Его окружали встревоженные женщины в белых халатах.
– Очухался, – злорадно сказала одна и сунула ему под нос ватку с нашатырным спиртом. Иван покорно вдохнул. – А я вам сто раз говорила, нечего сюда папаш пускать.
– Ладно, ладно… – Круглая старушка в тяжелых очках пощупала его пульс. – Просто обморок. Но кто бы мог подумать, что у такого героического ребенка папа окажется такой хлюпик!
Иван завертел головой в поисках своего героического ребенка. Стасик сидел на стульчике и смотрел на отца с озадаченным видом. Иван улыбнулся ему и попытался встать.
– Сидите-сидите еще минуточку. Я принесу сладкого чаю.
– Да все нормально со мной, не беспокойтесь.

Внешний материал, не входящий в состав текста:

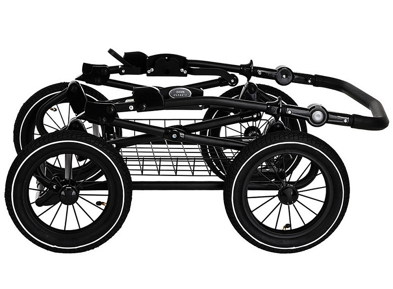 Главное достоинство такой рамы, что при движении по труднопроходимой местности колеса не вибрируют, коляска движется очень легко, а идеальная амортизация, основанная на кулисах, закрепленных в четырех точках, обеспечивает хороший сон для ребенка.
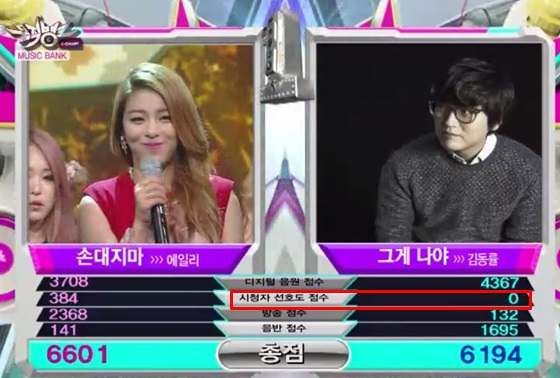 그렇지는 않다. '뮤직뱅크'의 시청자선호도 점수 산출 방법에 비밀 아닌 비밀이 있다.
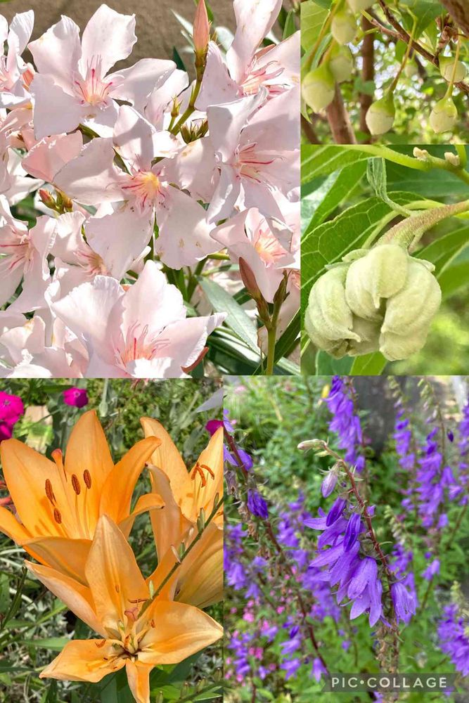歩道脇に咲いていたオレンジ色のユリと紫色のお花も綺麗でした
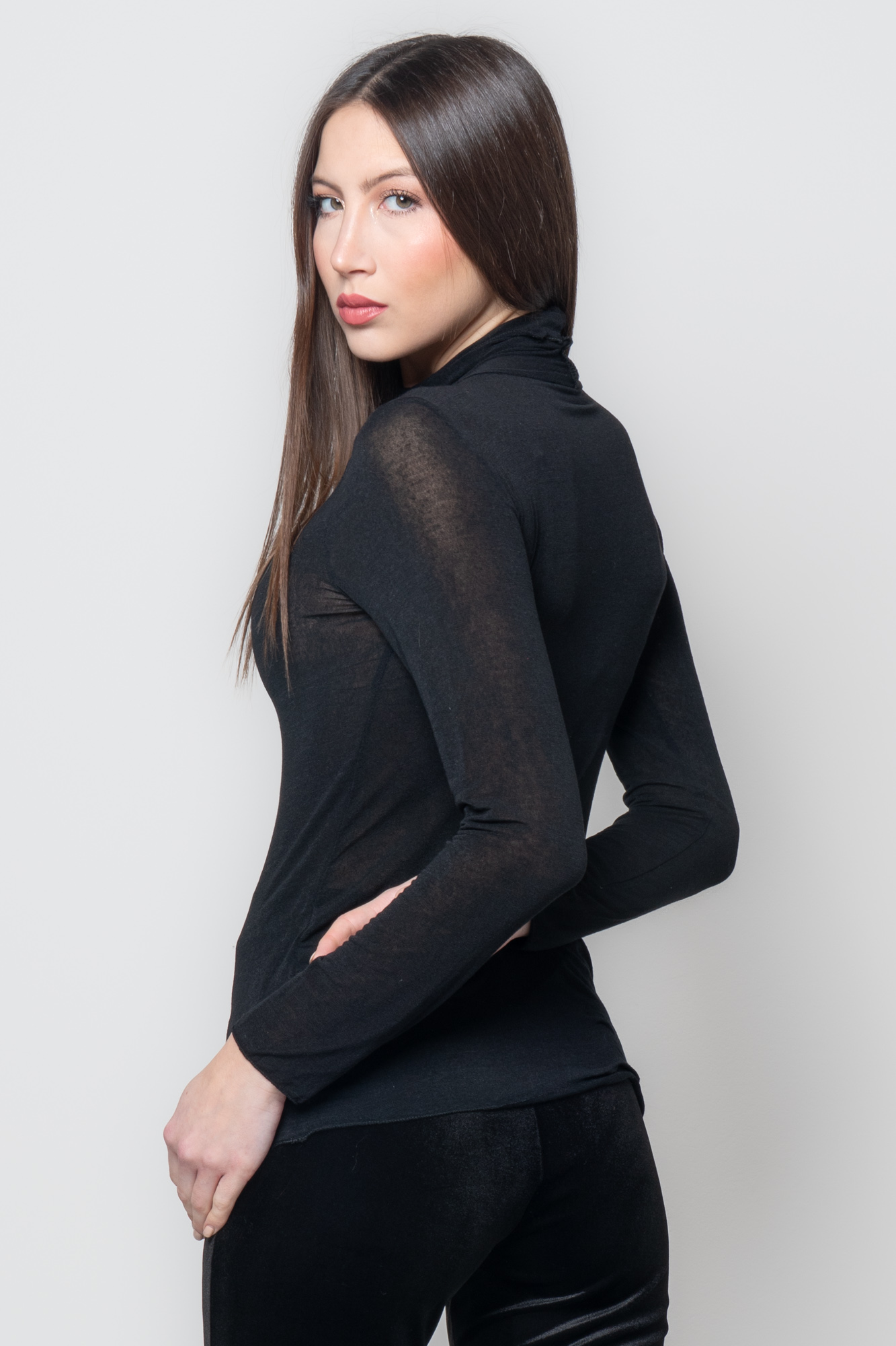 Dolcevita nero trasparente a maniche lunghe in jersey leggero
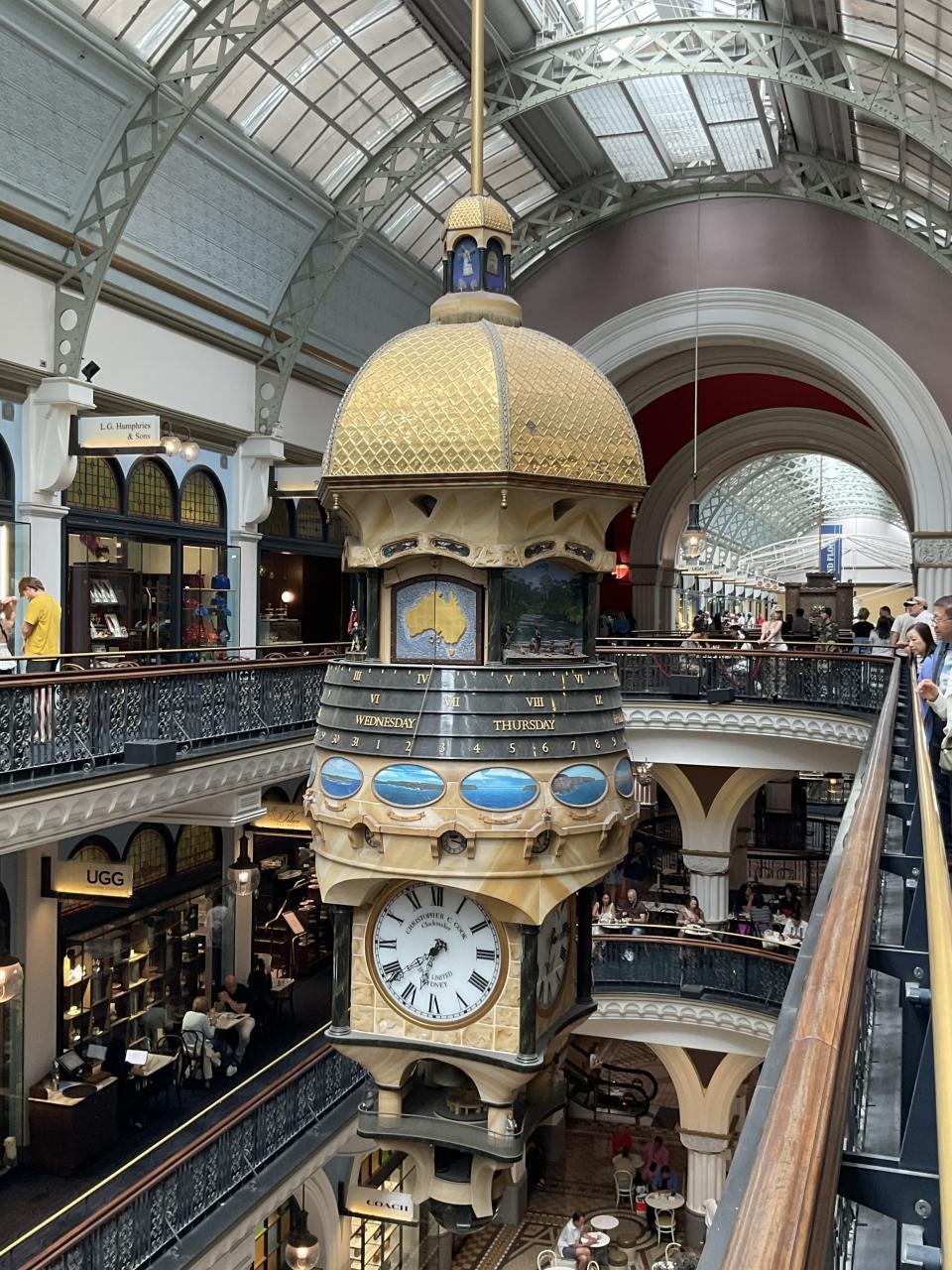 これは世界最大の吊り時計、グレートオーストラリアンクロック。ほんとに立派です。傘の下の部分にはオーストラリアの歴史が描かれているとか。あとで調べてわかりました。もっとよくみておけばよかった。
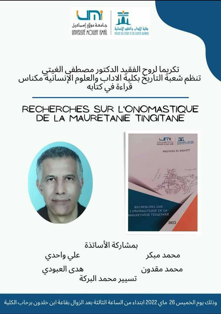 Vous êtes ici: Accueil / News de l'histoire et des historiens / تكريما لروح الفقيد الأستاذ مصطفى الغيتي، تنظم شعبة التاريخ بكلية الآداب والعلوم الإنسانية مكناس، قراءة في كتابه: RECHERCHES SUR L’ONOMASTIQUE DE LA MAURETANIE TINGITANE

– Вижу, вижу. Нет, молодой человек, вы явно не в своего сына пошли, – усмехнулась злорадная, снова ткнув ватку Ивану под нос. – Стасик у вас уникальный человек, уж чего мы с ним только не делали, а ни одной слезы не проронил. Боевой, бесстрашный, а вы что? Иголочку увидели и с копыт долой?
– Да, я вообще позор семьи, – согласился Иван.
– Нате, пейте, – старушка подала ему чай в белой эмалированной кружке с арбузиком на боку. Иван покорно выпил теплую сладковатую жидкость и встал.
– Как вы себя чувствуете?
Иван прислушался. Голова не кружилась, не мутило. Он прижал пальцы к запястью другой руки. Пульс вроде ровный. Он сказал, что все в порядке, забрал Стасика и ушел.